• TASK TO COMPLETE: In the entries below, count every line that has the string "over", and answer with that count alone.
(DATA TO PROCESS)
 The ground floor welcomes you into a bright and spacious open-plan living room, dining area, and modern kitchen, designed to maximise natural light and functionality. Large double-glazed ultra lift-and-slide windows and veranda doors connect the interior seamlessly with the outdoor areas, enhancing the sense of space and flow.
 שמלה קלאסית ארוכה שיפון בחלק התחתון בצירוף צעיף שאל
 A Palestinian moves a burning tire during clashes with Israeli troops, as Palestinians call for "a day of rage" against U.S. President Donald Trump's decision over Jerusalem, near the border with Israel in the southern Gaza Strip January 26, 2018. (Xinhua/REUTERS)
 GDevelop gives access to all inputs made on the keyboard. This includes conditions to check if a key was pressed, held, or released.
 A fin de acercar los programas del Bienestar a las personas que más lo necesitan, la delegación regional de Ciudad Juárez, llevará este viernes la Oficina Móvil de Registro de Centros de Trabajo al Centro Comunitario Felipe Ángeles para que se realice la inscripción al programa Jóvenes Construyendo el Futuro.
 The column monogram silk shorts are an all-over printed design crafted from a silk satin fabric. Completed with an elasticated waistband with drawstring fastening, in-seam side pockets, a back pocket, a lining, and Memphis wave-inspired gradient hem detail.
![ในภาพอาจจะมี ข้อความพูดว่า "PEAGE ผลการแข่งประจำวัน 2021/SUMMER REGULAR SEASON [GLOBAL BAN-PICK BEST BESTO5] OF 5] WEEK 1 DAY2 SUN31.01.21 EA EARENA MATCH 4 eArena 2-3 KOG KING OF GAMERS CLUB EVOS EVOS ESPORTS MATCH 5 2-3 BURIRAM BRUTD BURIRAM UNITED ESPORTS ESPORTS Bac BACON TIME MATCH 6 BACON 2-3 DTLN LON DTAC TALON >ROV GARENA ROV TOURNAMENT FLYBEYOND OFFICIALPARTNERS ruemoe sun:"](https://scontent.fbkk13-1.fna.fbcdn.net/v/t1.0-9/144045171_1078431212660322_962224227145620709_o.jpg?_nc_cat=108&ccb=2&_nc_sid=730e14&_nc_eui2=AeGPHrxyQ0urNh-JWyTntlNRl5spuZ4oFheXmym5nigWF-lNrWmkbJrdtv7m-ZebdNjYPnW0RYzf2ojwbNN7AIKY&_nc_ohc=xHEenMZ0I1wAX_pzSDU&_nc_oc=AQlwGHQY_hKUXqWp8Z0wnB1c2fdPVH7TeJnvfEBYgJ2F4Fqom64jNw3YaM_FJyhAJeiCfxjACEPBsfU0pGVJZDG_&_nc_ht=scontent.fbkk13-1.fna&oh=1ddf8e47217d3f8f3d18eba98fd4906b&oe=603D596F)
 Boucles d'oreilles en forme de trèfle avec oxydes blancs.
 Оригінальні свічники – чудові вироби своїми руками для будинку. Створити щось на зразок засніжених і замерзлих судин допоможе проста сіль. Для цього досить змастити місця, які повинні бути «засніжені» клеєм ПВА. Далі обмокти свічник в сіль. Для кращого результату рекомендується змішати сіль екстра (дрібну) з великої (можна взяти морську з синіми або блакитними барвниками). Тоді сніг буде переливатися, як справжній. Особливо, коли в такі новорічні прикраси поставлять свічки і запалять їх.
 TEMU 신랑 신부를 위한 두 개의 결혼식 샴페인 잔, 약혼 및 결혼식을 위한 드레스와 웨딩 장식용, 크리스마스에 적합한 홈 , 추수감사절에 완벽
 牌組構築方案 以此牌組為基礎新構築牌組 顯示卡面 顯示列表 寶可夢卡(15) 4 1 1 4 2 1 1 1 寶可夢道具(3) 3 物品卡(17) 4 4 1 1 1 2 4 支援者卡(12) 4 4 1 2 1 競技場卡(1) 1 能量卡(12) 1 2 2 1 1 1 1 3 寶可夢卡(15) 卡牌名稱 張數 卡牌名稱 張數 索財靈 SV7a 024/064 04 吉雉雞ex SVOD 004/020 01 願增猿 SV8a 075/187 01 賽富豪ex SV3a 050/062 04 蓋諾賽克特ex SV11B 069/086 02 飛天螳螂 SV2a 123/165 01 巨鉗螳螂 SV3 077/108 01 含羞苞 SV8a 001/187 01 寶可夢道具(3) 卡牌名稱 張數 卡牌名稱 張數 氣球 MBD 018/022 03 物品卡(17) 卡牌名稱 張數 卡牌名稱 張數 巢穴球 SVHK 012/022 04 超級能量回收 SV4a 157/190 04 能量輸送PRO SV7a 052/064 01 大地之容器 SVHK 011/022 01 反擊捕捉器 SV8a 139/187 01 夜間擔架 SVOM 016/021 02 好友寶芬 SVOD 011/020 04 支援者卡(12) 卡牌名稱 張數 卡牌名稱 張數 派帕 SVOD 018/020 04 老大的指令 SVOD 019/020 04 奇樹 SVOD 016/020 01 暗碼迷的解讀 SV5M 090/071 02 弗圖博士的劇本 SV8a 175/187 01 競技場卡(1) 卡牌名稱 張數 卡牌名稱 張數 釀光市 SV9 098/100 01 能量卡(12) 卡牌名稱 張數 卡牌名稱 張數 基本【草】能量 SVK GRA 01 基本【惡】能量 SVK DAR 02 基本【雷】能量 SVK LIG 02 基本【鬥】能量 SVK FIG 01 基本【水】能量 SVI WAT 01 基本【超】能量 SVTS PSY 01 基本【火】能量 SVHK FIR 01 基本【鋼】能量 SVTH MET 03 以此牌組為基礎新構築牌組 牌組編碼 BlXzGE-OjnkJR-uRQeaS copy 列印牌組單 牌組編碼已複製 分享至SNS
(End DATA TO PROCESS)
• RESPONSE TO THE EXERCISE: 2